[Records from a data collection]
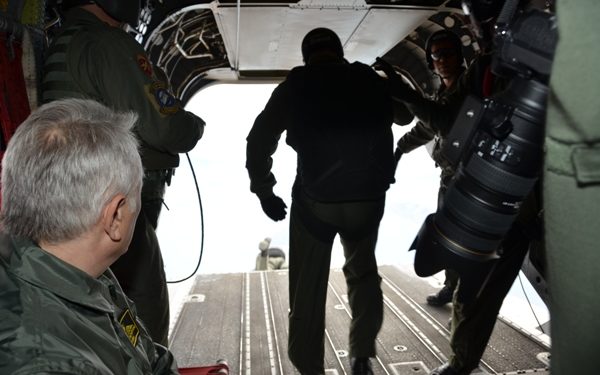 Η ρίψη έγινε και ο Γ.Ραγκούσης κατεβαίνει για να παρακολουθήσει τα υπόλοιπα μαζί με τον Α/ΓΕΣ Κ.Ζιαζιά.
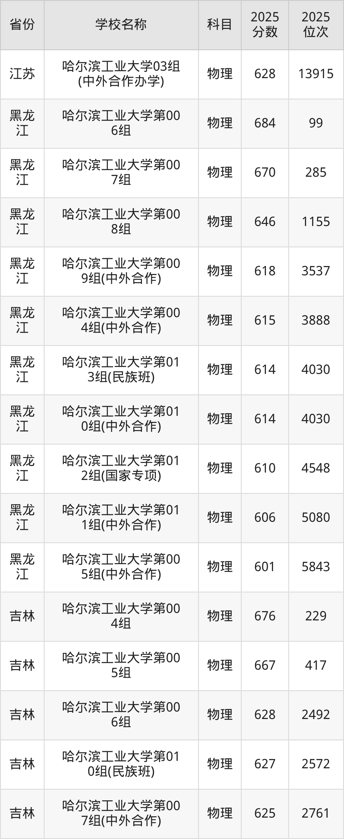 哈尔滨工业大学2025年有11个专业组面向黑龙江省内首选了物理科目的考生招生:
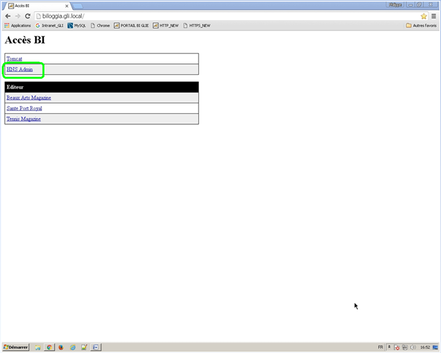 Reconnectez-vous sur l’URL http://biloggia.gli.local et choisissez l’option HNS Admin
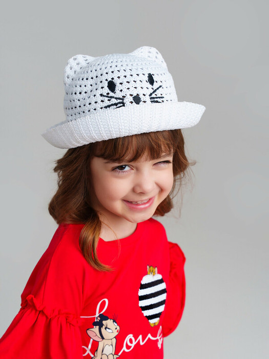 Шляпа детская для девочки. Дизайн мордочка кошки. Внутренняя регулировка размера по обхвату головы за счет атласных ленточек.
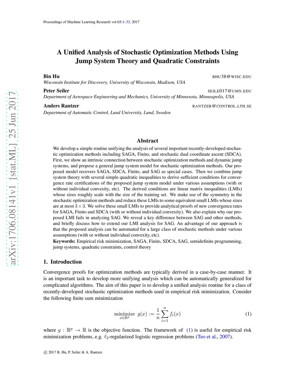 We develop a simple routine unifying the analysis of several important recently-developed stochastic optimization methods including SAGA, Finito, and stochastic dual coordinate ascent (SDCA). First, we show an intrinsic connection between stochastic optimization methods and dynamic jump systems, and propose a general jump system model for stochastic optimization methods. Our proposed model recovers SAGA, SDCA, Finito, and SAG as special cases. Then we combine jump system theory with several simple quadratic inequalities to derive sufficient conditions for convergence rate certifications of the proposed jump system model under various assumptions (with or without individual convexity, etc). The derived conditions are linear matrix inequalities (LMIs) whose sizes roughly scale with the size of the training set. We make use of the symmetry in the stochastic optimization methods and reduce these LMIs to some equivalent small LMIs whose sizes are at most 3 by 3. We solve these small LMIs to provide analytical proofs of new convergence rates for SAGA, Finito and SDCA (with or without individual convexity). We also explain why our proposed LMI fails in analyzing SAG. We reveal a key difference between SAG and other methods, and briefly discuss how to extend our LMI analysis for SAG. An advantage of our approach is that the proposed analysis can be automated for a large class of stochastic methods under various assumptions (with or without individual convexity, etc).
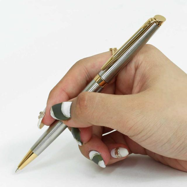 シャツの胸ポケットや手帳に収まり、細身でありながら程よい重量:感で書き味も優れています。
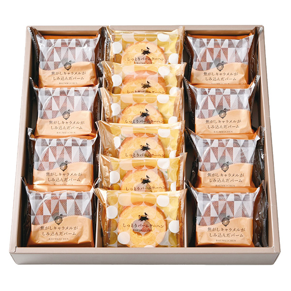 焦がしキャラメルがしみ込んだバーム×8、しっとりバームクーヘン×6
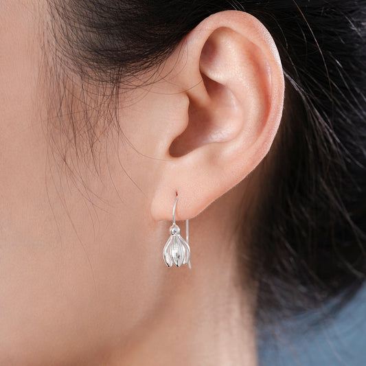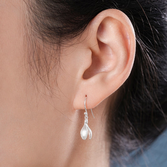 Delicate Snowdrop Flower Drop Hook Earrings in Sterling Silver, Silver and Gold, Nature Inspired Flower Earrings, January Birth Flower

What you should do
Above are the records; repeat their lines from the first through the line containing "Шляпа детская для", and leave out each picture.

Solution below
 Η ρίψη έγινε και ο Γ.Ραγκούσης κατεβαίνει για να παρακολουθήσει τα υπόλοιπα μαζί με τον Α/ΓΕΣ Κ.Ζιαζιά.
 哈尔滨工业大学2025年有11个专业组面向黑龙江省内首选了物理科目的考生招生:
 Reconnectez-vous sur l’URL http://biloggia.gli.local et choisissez l’option HNS Admin
 Шляпа детская для девочки. Дизайн мордочка кошки. Внутренняя регулировка размера по обхвату головы за счет атласных ленточек.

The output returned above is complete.